- [Data provided]:
== Segment start ==

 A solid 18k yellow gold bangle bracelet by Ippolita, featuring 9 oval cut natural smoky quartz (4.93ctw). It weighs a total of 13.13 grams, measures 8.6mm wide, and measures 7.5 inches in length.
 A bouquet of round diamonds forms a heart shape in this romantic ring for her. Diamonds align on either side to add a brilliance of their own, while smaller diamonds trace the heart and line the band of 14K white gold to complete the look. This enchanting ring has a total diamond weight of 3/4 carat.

== Segment end ==
== Segment start ==

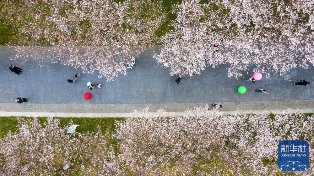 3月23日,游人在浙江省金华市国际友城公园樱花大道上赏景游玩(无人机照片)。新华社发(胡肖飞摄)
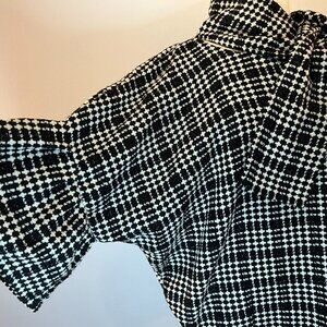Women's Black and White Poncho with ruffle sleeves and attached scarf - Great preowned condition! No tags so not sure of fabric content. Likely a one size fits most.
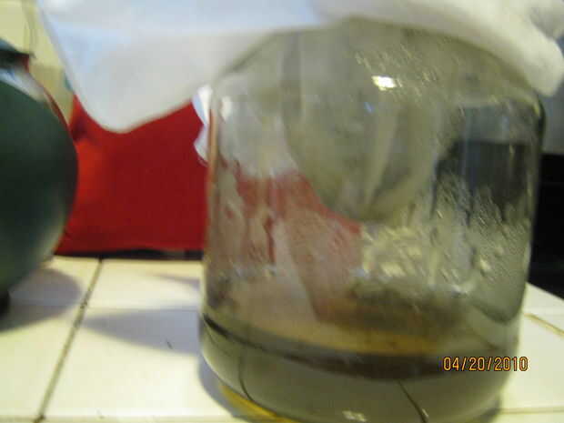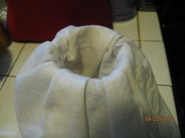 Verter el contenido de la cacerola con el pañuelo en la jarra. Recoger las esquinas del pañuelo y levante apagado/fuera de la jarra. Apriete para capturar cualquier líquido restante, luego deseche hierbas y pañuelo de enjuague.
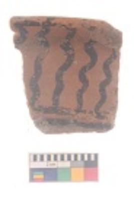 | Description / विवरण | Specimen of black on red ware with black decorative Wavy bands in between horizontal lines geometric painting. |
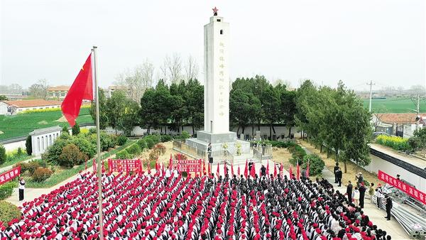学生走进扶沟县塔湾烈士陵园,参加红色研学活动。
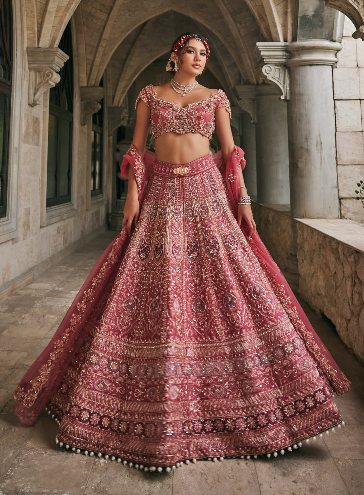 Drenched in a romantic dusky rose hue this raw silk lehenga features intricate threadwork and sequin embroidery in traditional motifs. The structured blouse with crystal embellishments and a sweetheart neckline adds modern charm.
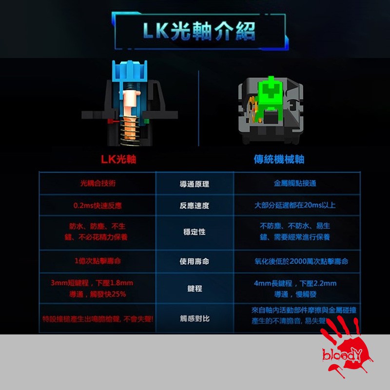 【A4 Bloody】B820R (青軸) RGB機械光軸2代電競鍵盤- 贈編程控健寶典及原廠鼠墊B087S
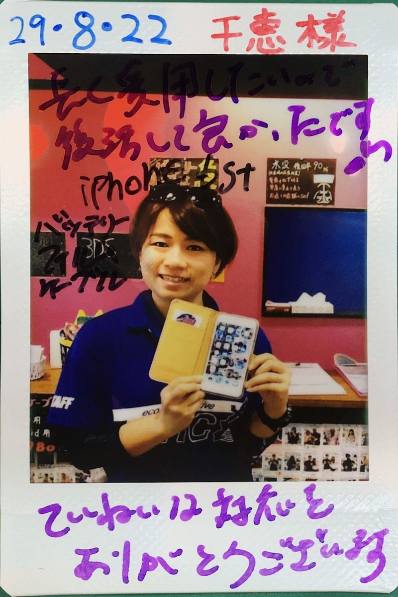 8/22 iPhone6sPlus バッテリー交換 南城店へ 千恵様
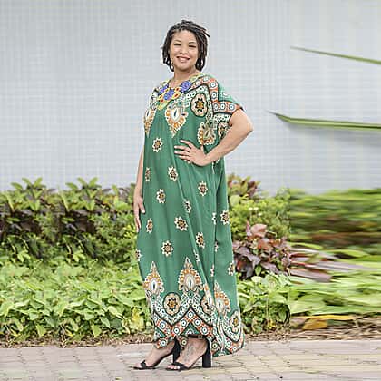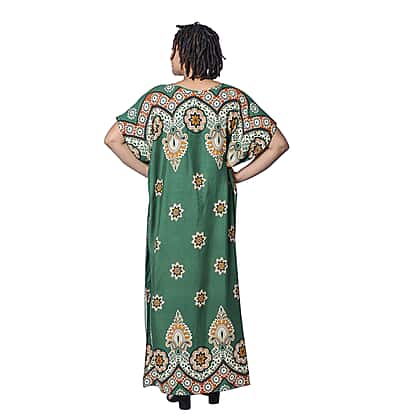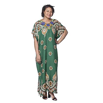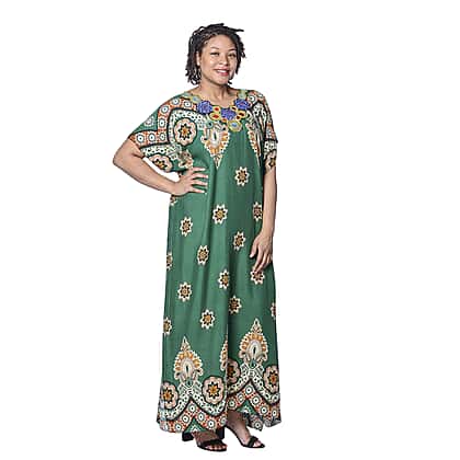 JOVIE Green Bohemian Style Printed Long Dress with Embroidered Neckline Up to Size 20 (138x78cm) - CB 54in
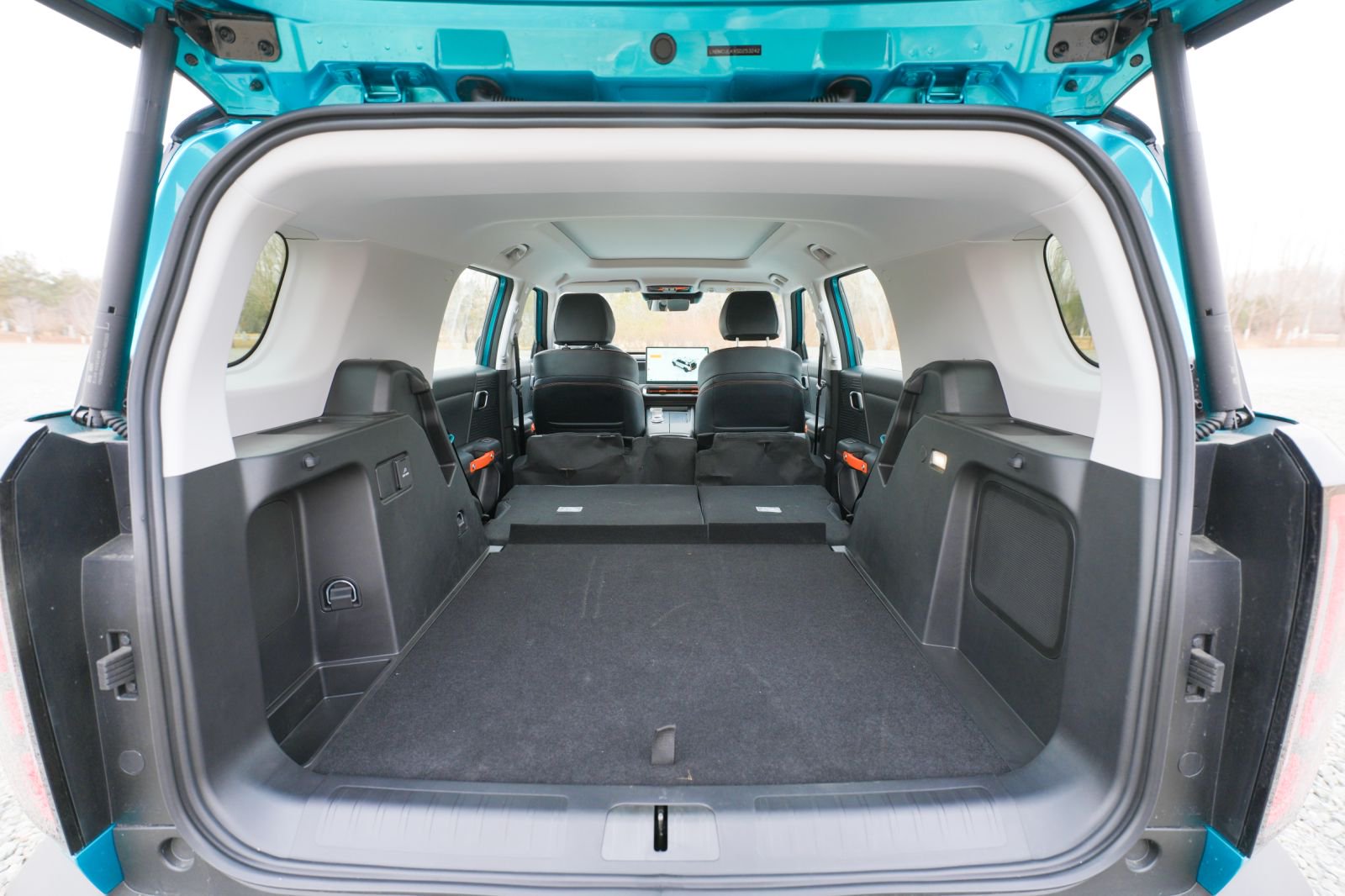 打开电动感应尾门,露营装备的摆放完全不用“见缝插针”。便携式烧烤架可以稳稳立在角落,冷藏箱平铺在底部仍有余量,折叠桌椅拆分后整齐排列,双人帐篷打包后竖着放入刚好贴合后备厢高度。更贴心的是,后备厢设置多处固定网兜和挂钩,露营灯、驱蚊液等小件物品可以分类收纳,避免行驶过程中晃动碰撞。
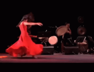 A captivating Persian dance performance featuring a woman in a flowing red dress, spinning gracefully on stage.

== Segment end ==
== Segment start ==

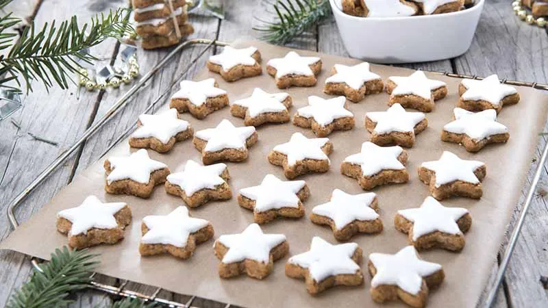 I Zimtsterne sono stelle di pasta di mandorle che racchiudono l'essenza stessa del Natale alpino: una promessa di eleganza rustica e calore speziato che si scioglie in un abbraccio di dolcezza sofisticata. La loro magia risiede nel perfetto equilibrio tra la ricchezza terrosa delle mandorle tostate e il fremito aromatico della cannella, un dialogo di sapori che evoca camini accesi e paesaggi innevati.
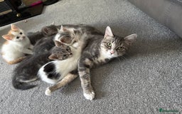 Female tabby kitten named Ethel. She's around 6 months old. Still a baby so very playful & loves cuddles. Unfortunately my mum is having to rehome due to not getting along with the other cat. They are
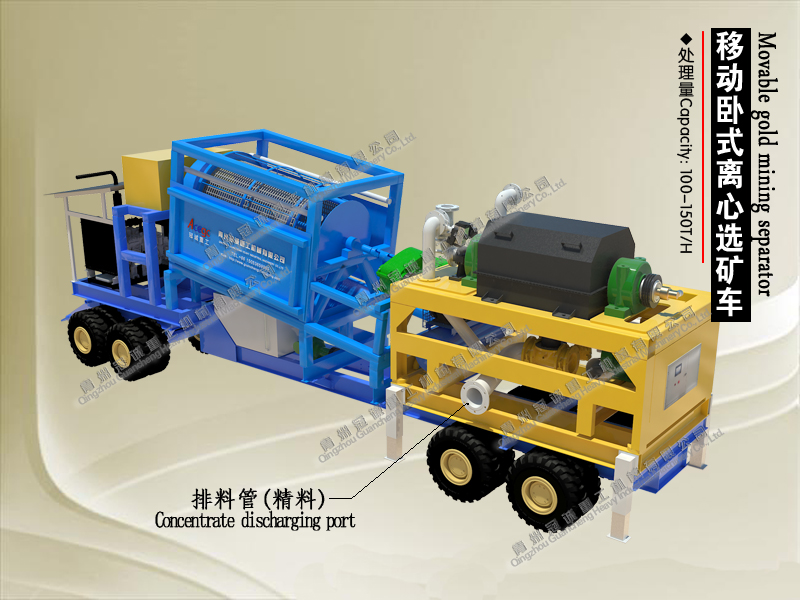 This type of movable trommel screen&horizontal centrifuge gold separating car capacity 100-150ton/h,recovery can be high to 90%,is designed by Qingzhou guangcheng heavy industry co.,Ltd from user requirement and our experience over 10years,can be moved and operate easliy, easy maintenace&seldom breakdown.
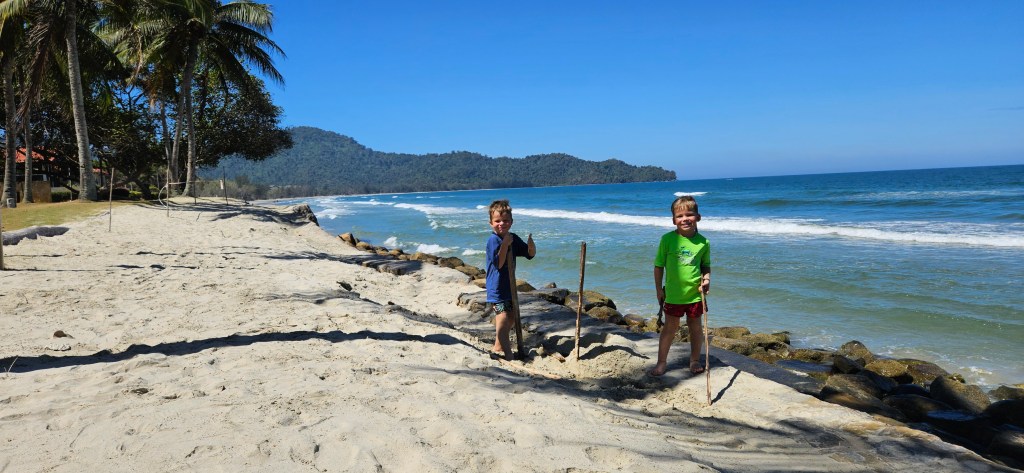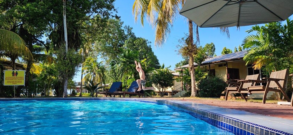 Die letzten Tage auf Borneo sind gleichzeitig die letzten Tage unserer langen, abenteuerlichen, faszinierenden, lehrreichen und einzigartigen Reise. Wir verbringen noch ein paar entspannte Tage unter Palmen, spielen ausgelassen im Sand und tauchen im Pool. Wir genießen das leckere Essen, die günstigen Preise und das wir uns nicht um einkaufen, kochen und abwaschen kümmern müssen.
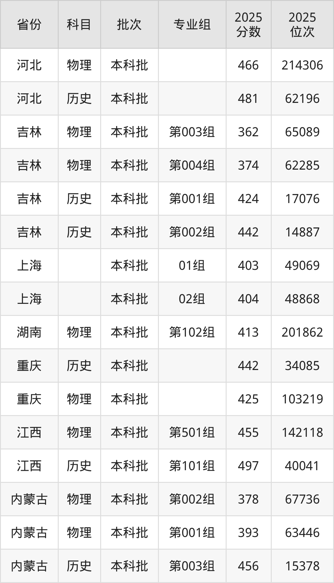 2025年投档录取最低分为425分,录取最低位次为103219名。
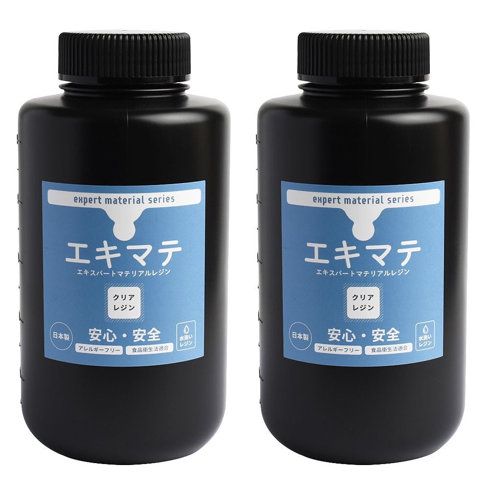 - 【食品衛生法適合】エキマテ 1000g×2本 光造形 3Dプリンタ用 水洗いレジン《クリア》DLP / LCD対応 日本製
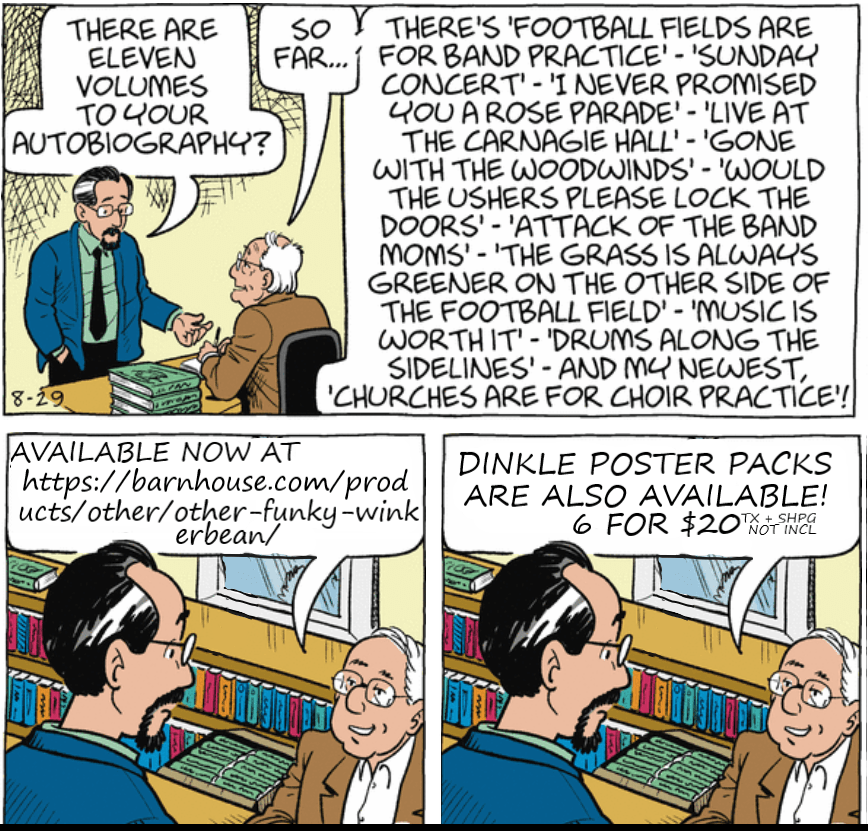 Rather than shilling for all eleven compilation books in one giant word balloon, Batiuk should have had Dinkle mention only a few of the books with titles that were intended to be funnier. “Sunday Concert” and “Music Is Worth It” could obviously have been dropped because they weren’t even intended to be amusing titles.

== Segment end ==

- [Try it]:
Using the records above, print exactly the run of lines that starts with the line with "- 【食品衛生法適合】エキマテ 1000g×2本" and goes on through the line with "Rather than shilling", pictures excluded.

- [Result for this exercise]:
 - 【食品衛生法適合】エキマテ 1000g×2本 光造形 3Dプリンタ用 水洗いレジン《クリア》DLP / LCD対応 日本製
 Rather than shilling for all eleven compilation books in one giant word balloon, Batiuk should have had Dinkle mention only a few of the books with titles that were intended to be funnier. “Sunday Concert” and “Music Is Worth It” could obviously have been dropped because they weren’t even intended to be amusing titles.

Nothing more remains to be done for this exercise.